Mish, when politicians in podunk cities are willing to accept graft and in turn allow their city to be the ‘playpen’ to test these technologies, don’t mistake this as automation going full blown. It is inevitable yes, however, not for long time. Until they can outlaw every single driver from being on the road, full automation will not happen except in ‘cordoned off’ areas.

Automated vehicles cannot share the road with callous, IDGAF for the rules, retard drivers whose numbers have exponentially skyrocketed in the past 3,4 years.
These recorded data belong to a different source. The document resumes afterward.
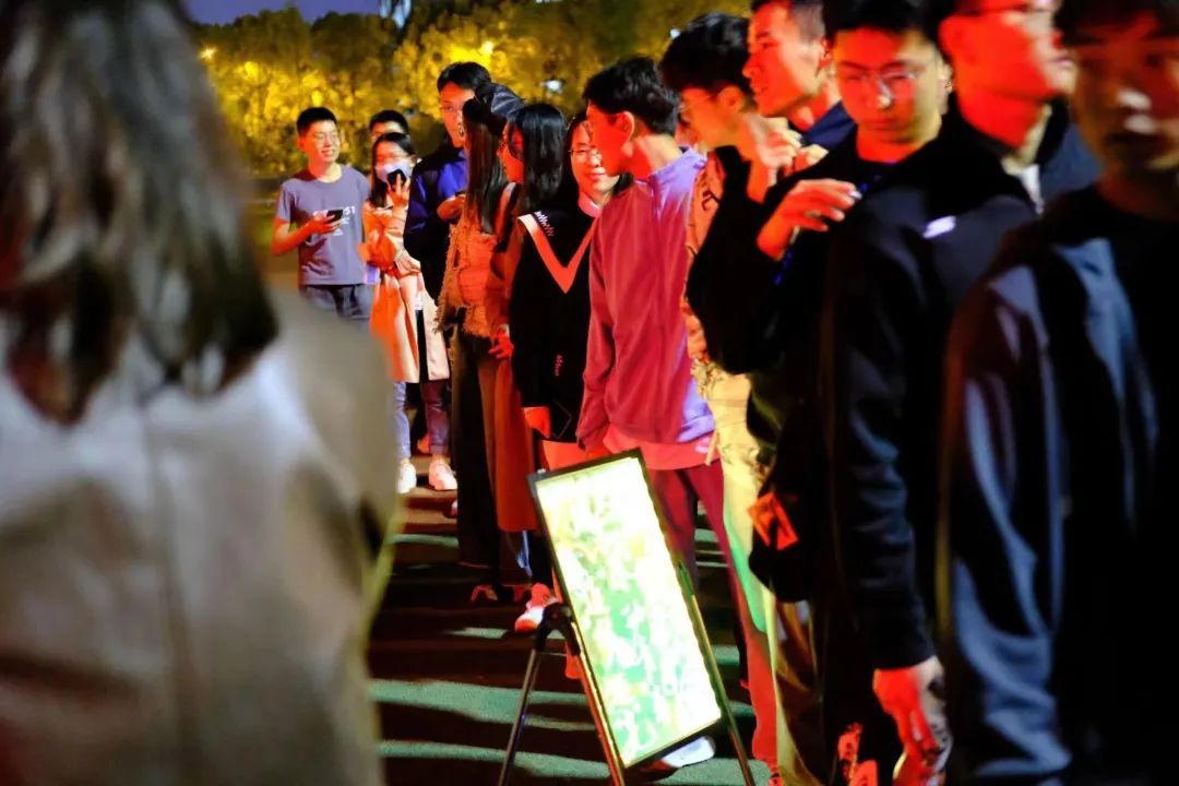 夜跑同学可前往打卡点合影记录自身变化,并扫描打卡点立牌上的二维码,将打卡照片上传至收集表中。夜跑工作人员将定期进行打卡次数统计,活动结束后,同学们可凭合影照兑换惊喜奖品。
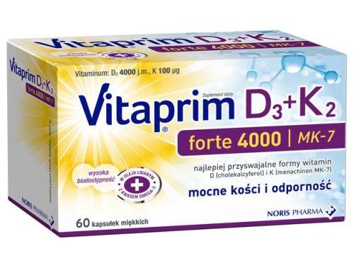 VITAPRIM D3 Forte 4000 + K2 to preparat przeznaczony szczególnie dla zdrowych osób dorosłych po 75. roku życia, w celu uzupełnienia diety w witaminy D i K.
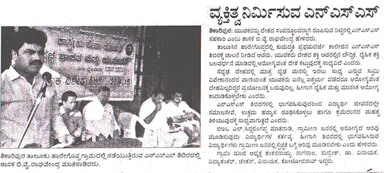 ಶಿಕಾರಿಪುರ ತಾಲ್ಲೂಕು ತಾರೇಗೊಪ್ಪ ಗ್ರಾಮದಲ್ಲಿ ನಡೆಯುತ್ತಿರುವ ಎನ್.ಎಸ್.ಎಸ್. ಶಿಬಿರದಲ್ಲಿ ಶಾಸಕ ಬಿ.ವೈ.ರಾಘವೇಂದ್ರ ಮಾತನಾಡಿದರು.
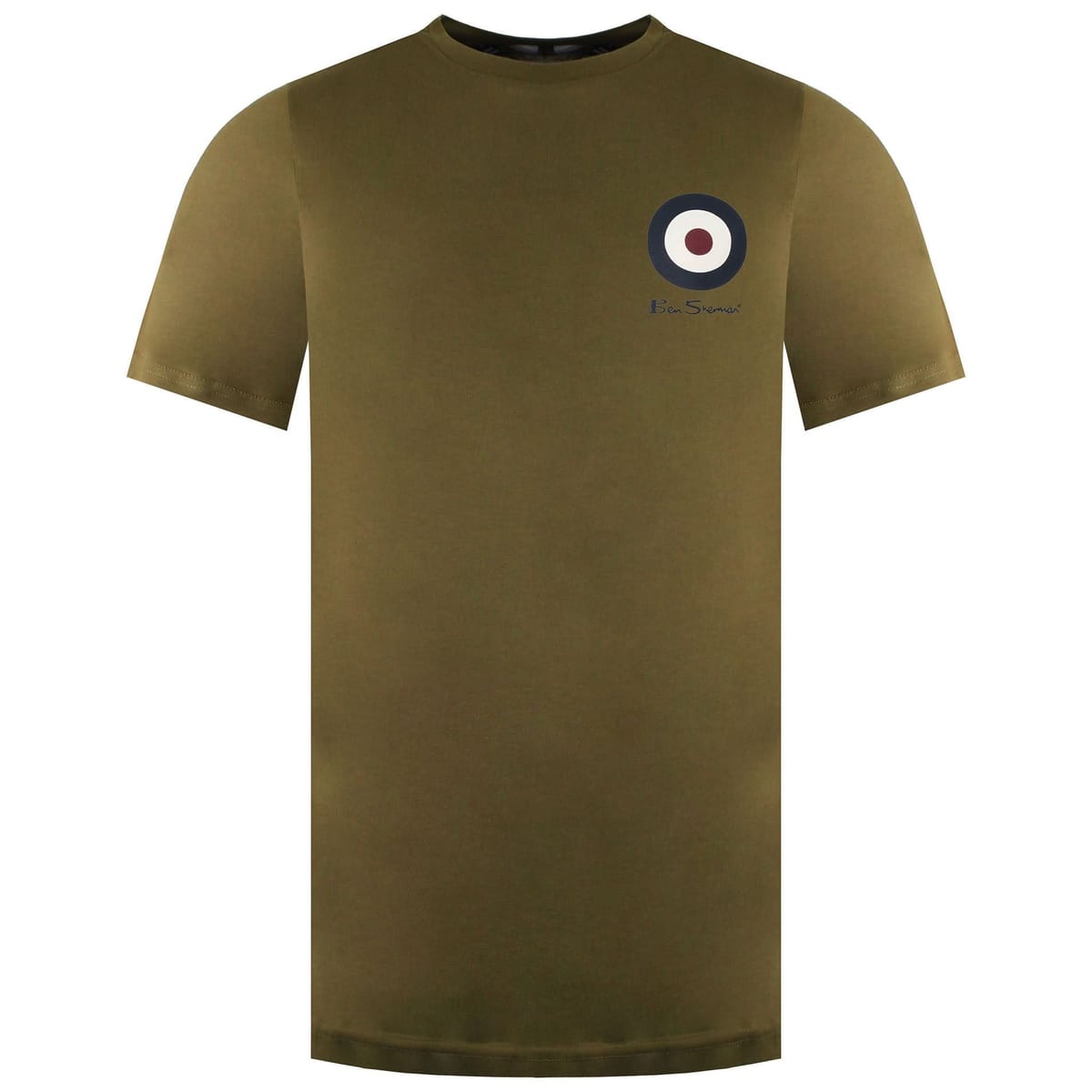 This Ben Sherman t-shirt features a modern take on a classic British style. The khaki cotton fabric offers a soft and breathable feel. The subtle target logo on the left chest adds a distinctive design element. Ideal for casual wear.
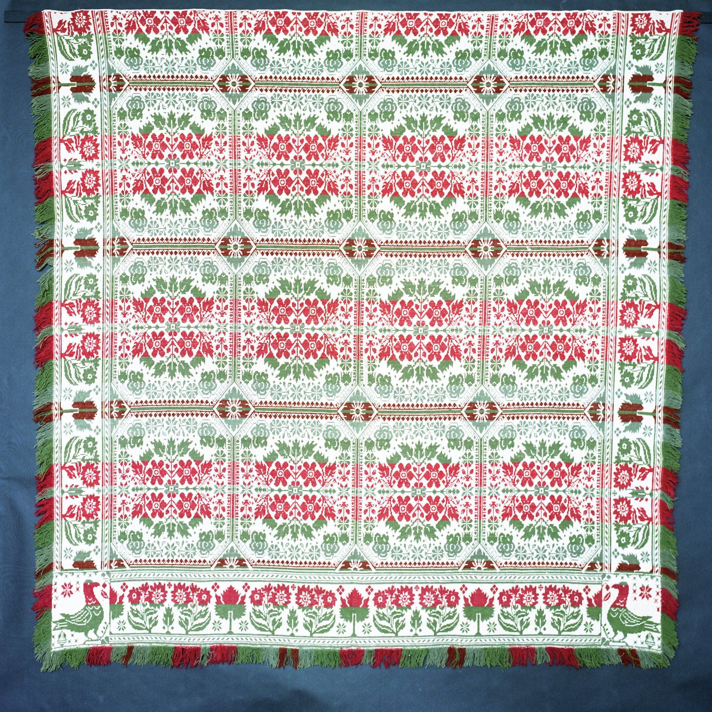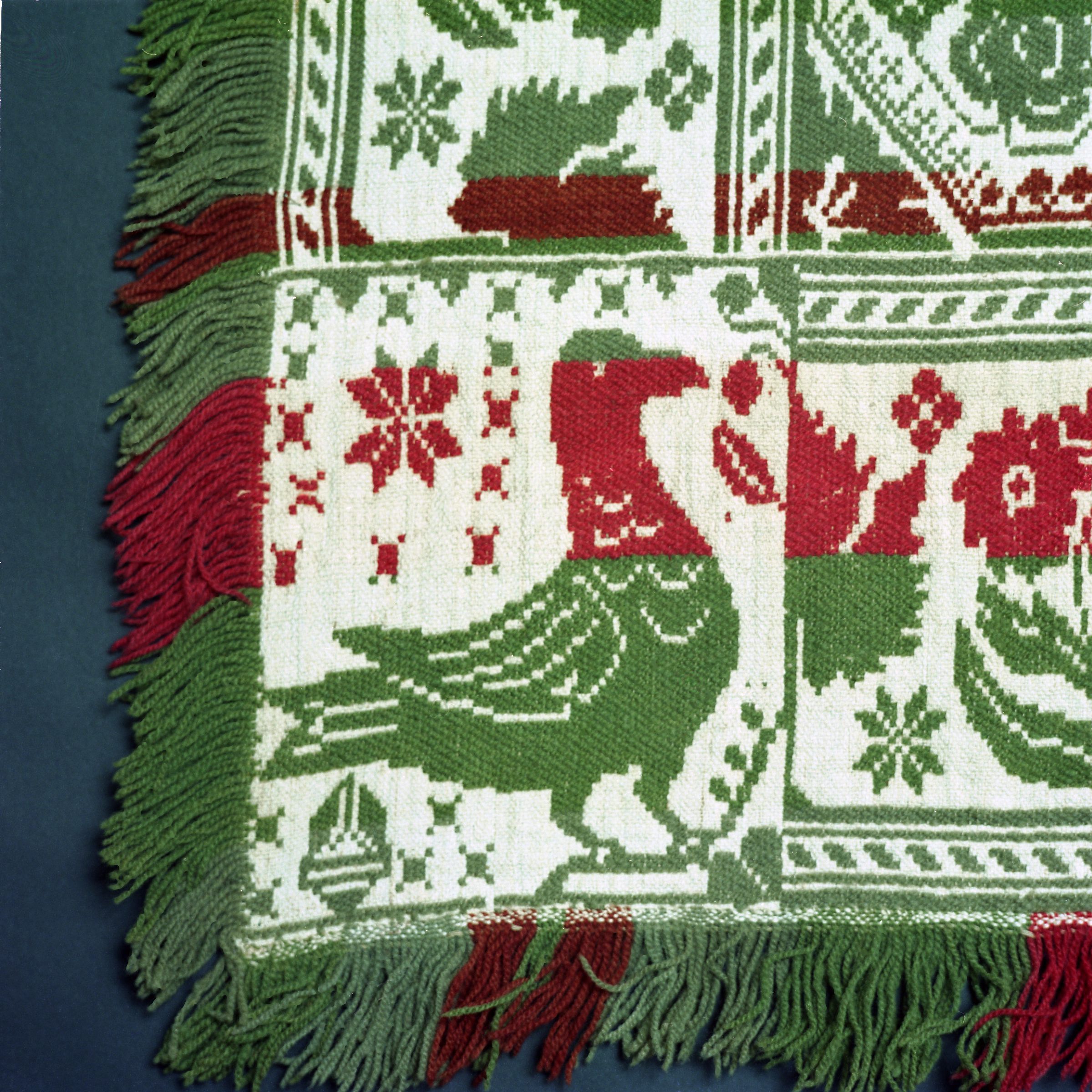 Beiderwand; red, green, natural; seamless; fringe and border on 3 sides; 2 cornerblocks with a star and duck/gull/bird; all 3 borders of flowers and leaves; centerfield of flowers and diamonds; strips of colorCollection

The only viable means of this becoming common is dedicated roads/lanes such as HOV/toll lanes being converted for this express purpose.

wootendw
wootendw
4 years ago

“The company’s driverless rides are currently free and only taking place in a geofenced area that includes parts of Chandler, Mesa and Tempe.”

My ex-wife has invited me back to Arizona (Chandler) for Thanksgiving so maybe I’ll have a chance to give it a shot, assuming the demand isn’t greater than the supply. If they’re really driverless, my guess is that the Phoenix area will be virtually all driverless by 2033. Outlying areas, everywhere, will take much longer.

Curious-Cat
Curious-Cat
4 years ago
Reply to  wootendw

The average age of cars currently on the roads is 11.8 years. That’s average, not median. It’ll be a very long time before all cars are driverless.

Stuki
Stuki
4 years ago
Reply to  Curious-Cat

Not if you ban everyone who The Fed doesn’t buy a driverless car for with money stolen from others, from driving at all……. That’s the only way to keep up the illusion that the nonsense makes sense, after all. No doubt with meaningless reference to endless streams of nonsensical “studies” and childish scientism bombastically claiming to “prove” that government (and the FIRE and legal idiots it enables) Knows What’s Best For You(tm). No different from the rest of progressivism.

Mish
Mish
4 years ago

“I never said “vast majority of trucks” – I get POed when brutally misquoted – I said

” the majority of truck on the interstates will be driverless” and they will

shamrock
shamrock
4 years ago
Reply to  Mish

It’s not possible. For one, no technology has ever been adapted that quickly. But most importantly there is not any capacity to produce or retrofit over a million trucks in 2 or 3 years. You can’t just wave a magic wand and the truck is self driving. Lot’s of shit needs to be produced and installed. The first couple years will be measured in thousands.

Stuki
Stuki
4 years ago
Reply to  shamrock

Also, nobody will do a mass, network wide rollout, until they have a downright massive amount of safety data to back it up. Potential failure modes of 40 ton missiles flying in close proximity to half of humanity, are just too scary.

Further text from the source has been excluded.